Hierbei schadet es - entgegen der vom Rekursgericht nicht geteilten Rechtsansicht des Erstgerichts - nicht, dass die beklagte Partei nicht auch zugleich die Schadenersatzforderungen der klagenden Partei (vollständig) erfüllte oder anerkannte. Vielmehr steht dem Wegfall der Wiederholungsgefahr bei Kumulierung mehrerer Ansprüche ebenso wenig entgegen, dass die beklagte Partei – wie hier – nur über das Unterlassungsbegehren einen vollstreckbaren Vergleich anbietet, darüber hinausgehende Ansprüche (hier: Schadenersatz) aber nicht (bzw hier: nicht vollständig) anerkennt und es diesbezüglich auf eine gerichtliche Entscheidung ankommen lässt (RS0079899 [T14,T38], RS0079966 [T3]), wie ein Vertreten des Standpunkts im Prozess, zu der beanstandeten Handlung berechtigt gewesen zu sein (RS0079899 [T18]). Ob mit dem von der beklagten Partei überwiesenen Betrag ein Schaden der klagenden Partei vollständig abgedeckt wurde, kann hier dahingestellt bleiben, da ein solcher Schadenersatz nicht Gegenstand des vorliegenden Besitzstörungsverfahrens ist.

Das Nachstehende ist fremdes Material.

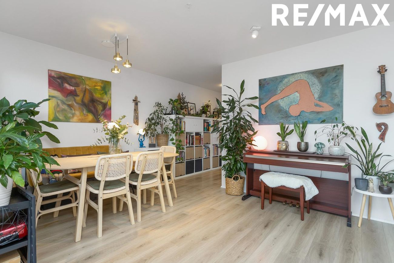 Sameiginlegur stór garður með leiktækjum, sameiginlegt þvottahús, sameiginleg bílastæði, sameiginleg hjóla- og vagnageymsla.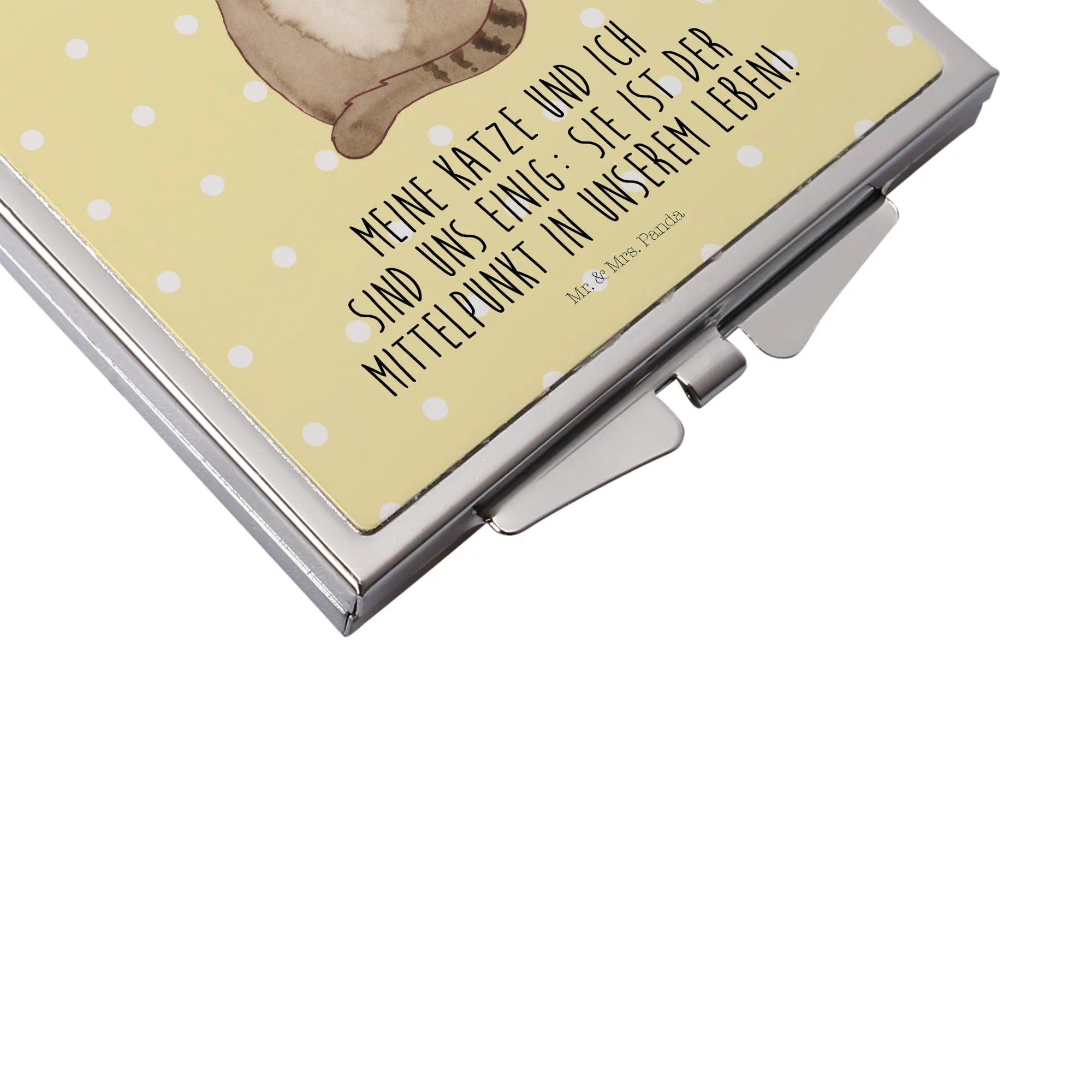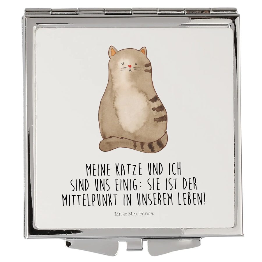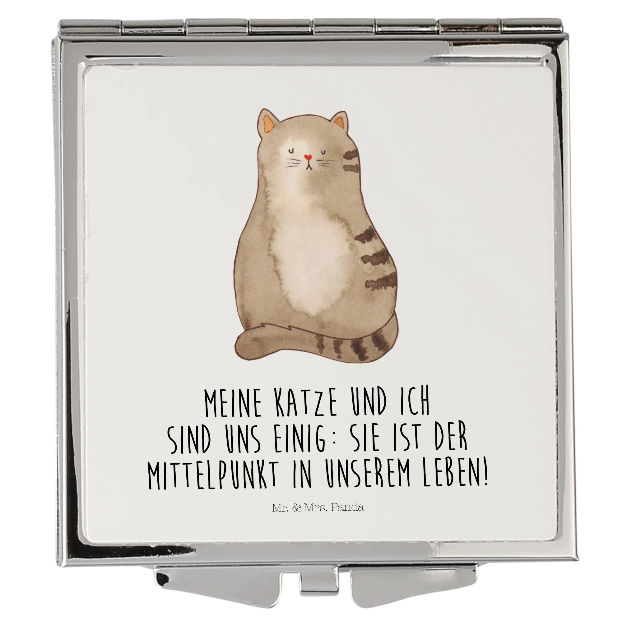 Handtaschenspiegel quadratisch Katze sitzend - mit Spruch - Weiß

Mangels Wiederholungsgefahr kommt dem Klagebegehren somit keine Berechtigung zu, weshalb die angefochtene Entscheidung in Stattgebung des Rekurses entsprechend abzuändern war.
Die infolge der Abänderung neu zu treffende Entscheidung über die Kosten des Verfahrens erster Instanz beruht auf § 41 Abs 1 iVm § 54 Abs 1a ZPO. Kosteneinwendungen wurden nicht erstattet.
Die Entscheidung über die kostendes Rekursverfahrens gründet sich auf § 50 Abs 1 iVm § 41 Abs 1 ZPO.
Der Revisionsrekurs ist gemäß § 528 Abs 2 Z 6 ZPO jedenfalls unzulässig.